Curtis Mayfield

Profile
- Position: Wide receiver

Personal information
- Born: March 23, 1968 (age 58) Dallas, Texas, U.S.

Career information
- College: Oklahoma State
- NFL draft: 1991: 10th round, 253rd overall pick

Career history
- 1992: Frankfurt Galaxy
- 1994: Las Vegas Posse
- 1995: Shreveport Pirates
- 1996–1999: Saskatchewan Roughriders

Awards and highlights
- Second-team All-Big Eight (1989);

= Curtis Mayfield (Canadian football) =

American gridiron football player (born 1968)

Curtis Mayfield (born March 23, 1968) is a former Canadian Football League (CFL) wide receiver who played for the Las Vegas Posse, Shreveport Pirates and Saskatchewan Roughriders.

==Professional career==
After playing college football at Oklahoma State, Mayfield was drafted by the Denver Broncos in the tenth round of the 1991 NFL draft. He played part of the 1992 season with the Frankfurt Galaxy of the WLAF, where he caught 8 passes for 107 yards. He later moved on to Canadian Football League, where he played 17 games with the Las Vegas Posse in 1994. Hooking up with later CFL all-star Anthony Calvillo, Mayfield was one of the few bright spots in a woeful Posse season. He hauled in 61 passes for 1,202 yards and 12 touchdowns, including 319 yards on 14 receptions versus the Ottawa Rough Riders on September 3, 1994. This was the most receiving yards in a CFL regular season game in 39 years (when Hal Patterson of the Montreal Alouettes snagged 338 yards in 1956.)
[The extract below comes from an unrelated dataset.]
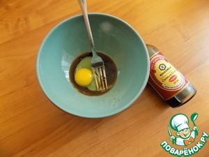 В посуду наливаем соус и разбиваем яйцо. Соединяем.

Mayfield had five more productive years in the CFL, one with the Shreveport Pirates and four with the Saskatchewan Roughriders. He never caught fewer than 36 passes or 699 yards in a season, and finished his career with 301 catches for 5,276 yards and 39 touchdowns. He also added 1 kick off return and 3 punt returns (all in 1999) for touchdowns.